# VBForums CodeBank > CodeBank - Other >  SQL Server - Date Format Function in English and French

## CVMichael

Let me know if you have any problems with the function

This function can be easily modified for other languages.
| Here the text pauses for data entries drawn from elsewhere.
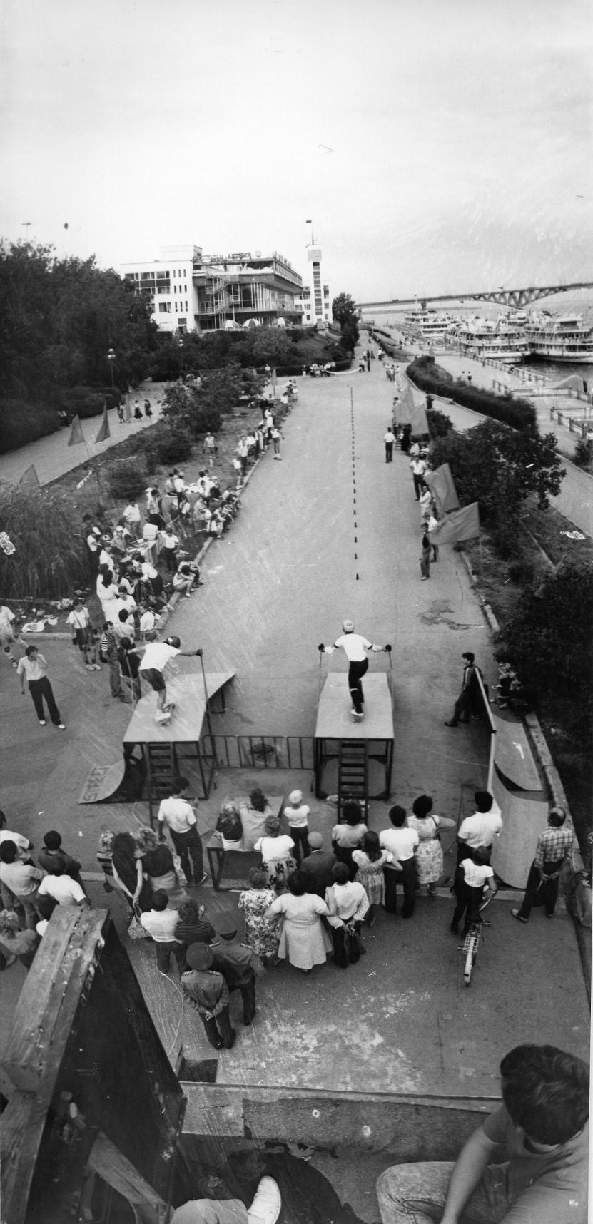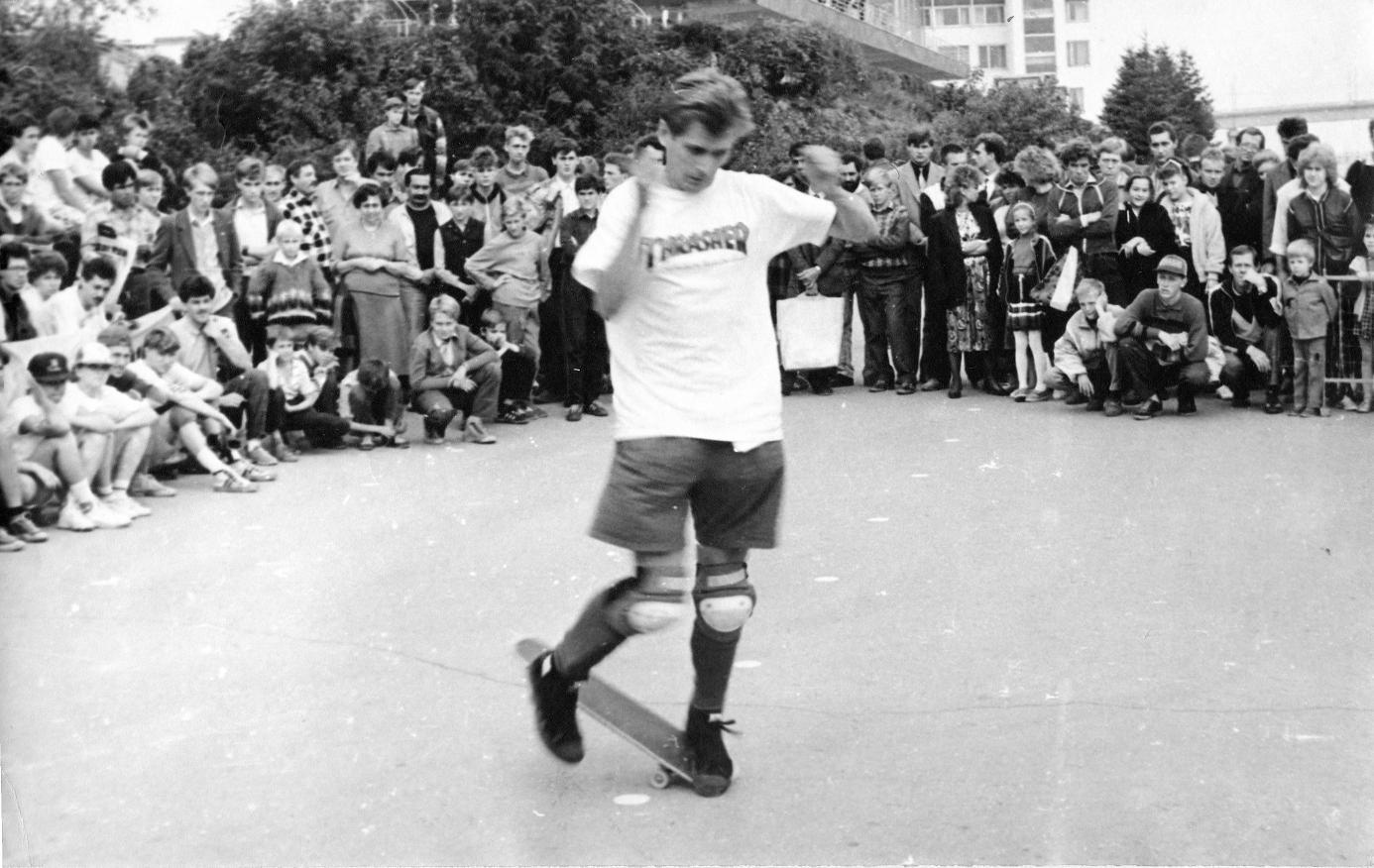 Самые большие и лучшие соревнования по этому виду спорта в конце 80-х - начале 90-х проходили, как ни удивительно, именно в нашем городе. Сюда съезжались все скейтеры СССР. Контест шел 3 дня и каждый день была насыщенная программа: прогулки с дискотеками на арендованном теплоходе, тусовка на турбазе на острове, прокат лодок там же, бильярд, тир и т.д. Все это было бесплатно для участников. И почти всех селили в гостинице также бесплатно или за счет спонсоров.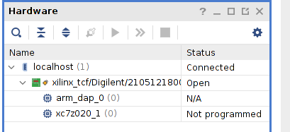 至此,应该所有的任务都完成了,打开vivado,Open HardWare Manager,进行一个Autoconnect,应该能成功找到设备,如图所示: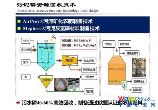 第二個(gè)技術(shù)是開展污泥磷資源回收技術(shù)。磷是不可再生的資源,污水中的磷回收可以彌補(bǔ)相當(dāng)大比例的磷產(chǎn)量,在德國(guó),兩個(gè)工藝正受到關(guān)注,分別是AirPrex®污泥礦化農(nóng)肥制備技術(shù)以及Mephrec®污泥灰富磷材料制備技術(shù)。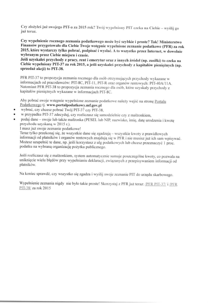 Czy złożyłeś już swojego PIT-a za 2015 rok? Twój wypełniony PIT czeka na Ciebie na stronie Portalu Podatkowego Ministerstwa Finansów – wyślij go już teraz.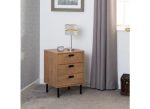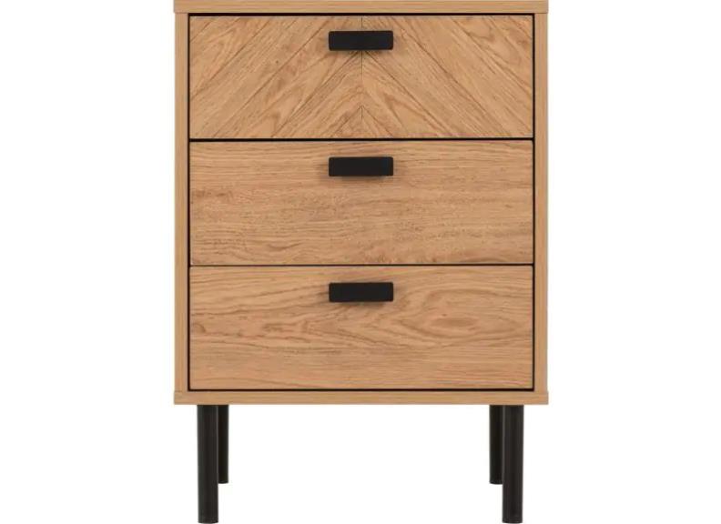 LEON OAK THREE DRAWER BEDSIDE with metal drawer runners & metal handles.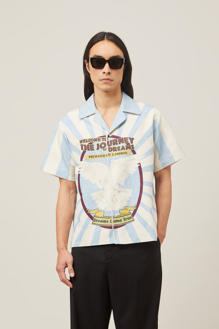The Journey of Dreams short sleeve button shirt is crafted from durable Rip Stop cotton fabric, offering a straight fit for a modern yet relaxed silhouette. Featuring a round-edged collar and hidden button closure, it maintains a sleek, clean aesthetic, while the all-over print adds a bold, playful touch. Designed for effortless style, the Journey of Dreams shirt blends utility and visual appeal in one statement piece.

You may have problems if the words in Month or Day have letters the same as the date format, so you may have to make modifications for that.

sql Code:
-- =============================================
-- Author:      <Michael Ciurescu>
-- Create date: <20081105>
-- Description: Format a date the way you want for English and French, see examples below
--                1 / NULL - for English
--                2        - for French
-- =============================================
CREATE FUNCTION dbo.fnFormatDate
(
      @MyDate DATETIME
    , @Format NVARCHAR(50)
    , @Language INT = NULL
)
RETURNS NVARCHAR(255)
AS
BEGIN
    /*
        SELECT dbo.fnFormatDate(GetDate(), 'MMMM DDDD DD, YYYY HH:NN:SS AMPM', NULL)
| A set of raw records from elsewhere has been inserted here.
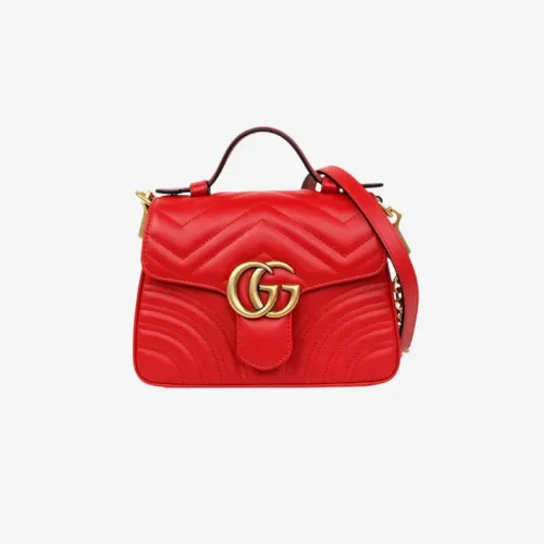 Gucci GG Marmont Mini Top Handle Bag Hibiscus Red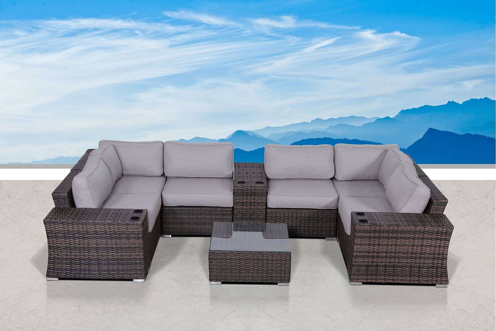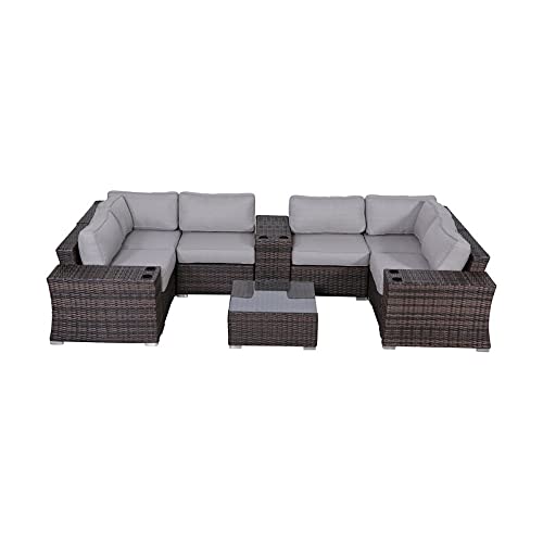 Outdoor Patio Furniture Sets [CM-9080] Brown 10 Piece Sectional Seating Group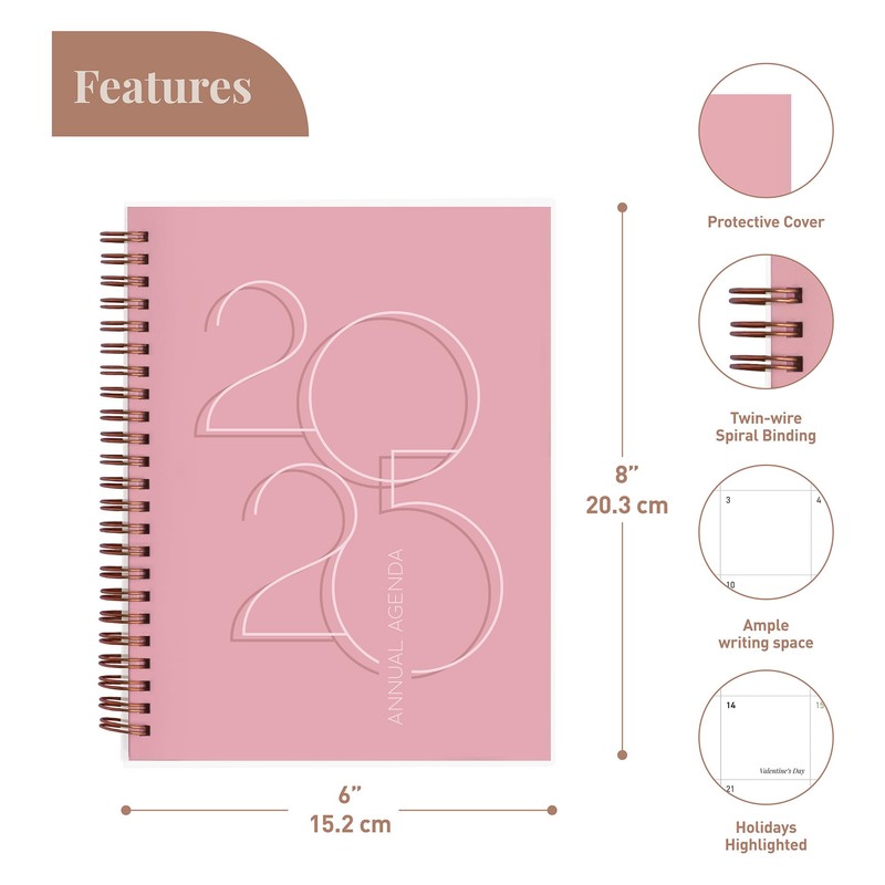 Rileys & Co 2025 Deco Weekly Planner - Annual Weekly & Monthly Agenda Planner, Jan - Dec 2025, Flexible Cover, Notes Pages, Twin-Wire Binding (15.2 x 20.3 cm, Pink)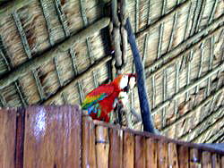 ボートから天然イグアナが土の上にいるのが見えて大喜びしたら、そこは私たちのロッジの敷地のなかでした。その後“おさるさんの果物”の木にのぼって、撮影のモデルをつとめてくれました。案外小さいからだながら、太くて長いしっぽ。背中のたてがみ?草色の体色に、恐竜時代生き残りの風格がありました。
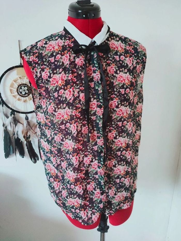 Pas d'étiquette de taille mais correspond à une taille M Petit chemisier sans manche en voile léger peu porté Largeur à plat sous les aisselles 51 cm Largeur épaule 43 cm #geliscyrilletailleM #geliscyrilletaille38 #refcaisse10/:8/Tuniques 40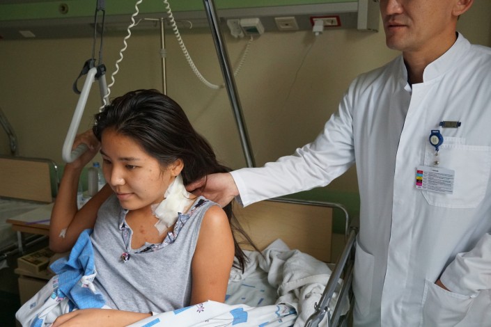 Первой пациенткой в стране, которой провели данную операцию, стала 22-летняя астанчанка Алина Бабанаева. У девушки была опухоль шейного отдела спинного мозга, которая проросла в спинномозговой канал и вышла из межпозвоночных отверстий наружу.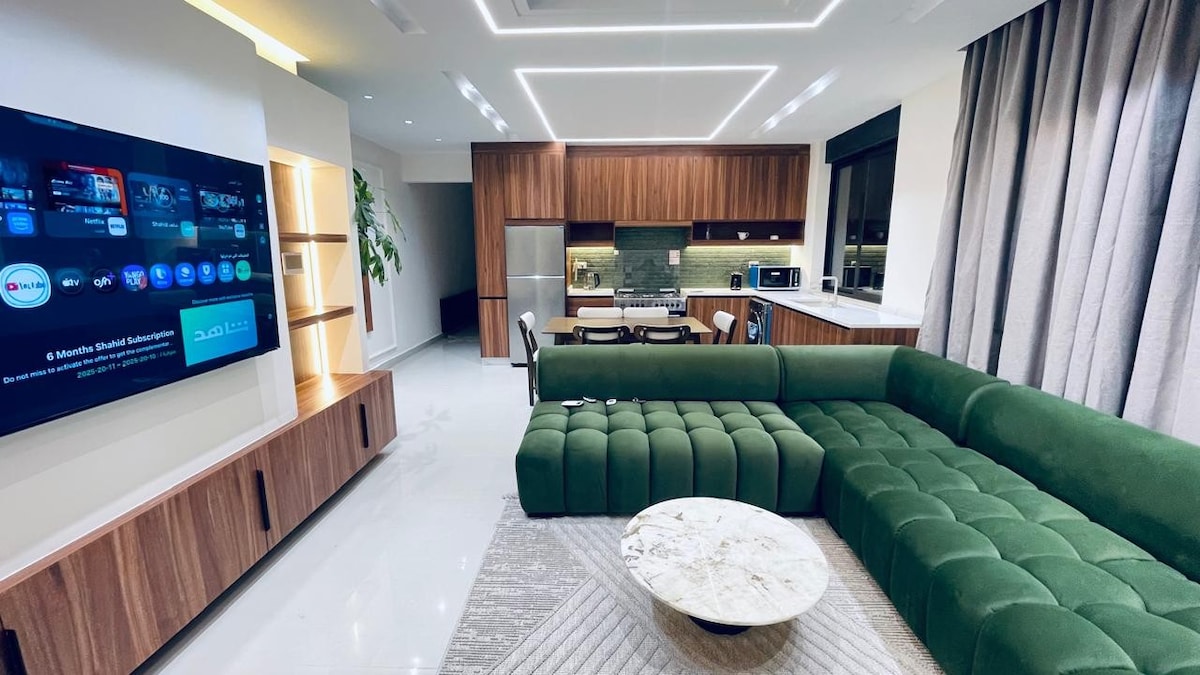 Escape to our peaceful and stylish apartment in the heart of Amman! Enjoy in the midst of the city buzz. The apartment in a luxurious place of Amman, exactly next to two malls (Barkeh and Avenue), Wakalat Street, shops, restaurants, hyper markets, embassies and even the airport for hassle-free travel. Contact-Less CheckIn (Smart code will be provided) 24/7 Security with CCTV Camera Remote Key for covered parking & free visitors parking Experience the serenity vibes of Amman right here!

        SELECT dbo.fnFormatDate(GetDate(), 'MMMM DDDD DD, YYYY HH:NN:SS AMPM', 2)
        SELECT dbo.fnFormatDate(GetDate(), 'YYYYMMDD HHNNSS', NULL)
        SELECT dbo.fnFormatDate(GetDate(), 'MM-DD-YY HH:NN:SS', NULL)
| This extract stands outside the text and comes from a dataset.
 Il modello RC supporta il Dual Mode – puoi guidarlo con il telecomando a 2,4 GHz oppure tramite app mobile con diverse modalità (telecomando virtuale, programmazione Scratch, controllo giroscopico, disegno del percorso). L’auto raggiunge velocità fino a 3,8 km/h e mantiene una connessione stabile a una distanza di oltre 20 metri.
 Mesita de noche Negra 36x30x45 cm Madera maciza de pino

        SELECT dbo.fnFormatDate(GetDate(), 'M-D-YY H:N:S', NULL)
        SELECT dbo.fnFormatDate(GetDate(), 'M-D-YY H:N:S:MS', NULL)
        SELECT dbo.fnFormatDate('nov 1, 2008 15:01:02', 'MMMM DDDD D, YYYY H:N:S AMPM', 1)
        SELECT dbo.fnFormatDate('nov 1, 2008 15:01:02', 'MMMM DDDD D, YYYY H:N:S AMPM', 2)
        SELECT dbo.fnFormatDate('nov 1, 2008 15:01:02', 'MMMM DDDD DD, YYYY HH:NN:SS AMPM', NULL)
        SELECT dbo.fnFormatDate('nov 1, 2008 5:01:02', 'MMM DD, YYYY HH:NN:SS AMPM', NULL)
    */
    
    DECLARE @RetStr NVARCHAR(255)
    DECLARE @tMonth TABLE(MonthID INT, MonthStr NVARCHAR(20), Language INT)
    DECLARE @tWeekDay TABLE(WeekDayID INT, WeekDayStr NVARCHAR(20), Language INT)
    
    DECLARE @Year INT
    DECLARE @Month INT
    DECLARE @WeekDay INT
    DECLARE @Day INT
    
    DECLARE @Hour INT
    DECLARE @Minute INT
    DECLARE @Second INT
    DECLARE @MS INT
    
    IF @Language < 1 OR @Language > 2 RETURN NULL
    
    INSERT INTO @tWeekDay VALUES(1, 'Monday', 1)
    INSERT INTO @tWeekDay VALUES(2, 'Tuesday', 1)
    INSERT INTO @tWeekDay VALUES(3, 'Wednesday', 1)
    INSERT INTO @tWeekDay VALUES(4, 'Thursday', 1)
    INSERT INTO @tWeekDay VALUES(5, 'Friday', 1)
    INSERT INTO @tWeekDay VALUES(6, 'Saturday', 1)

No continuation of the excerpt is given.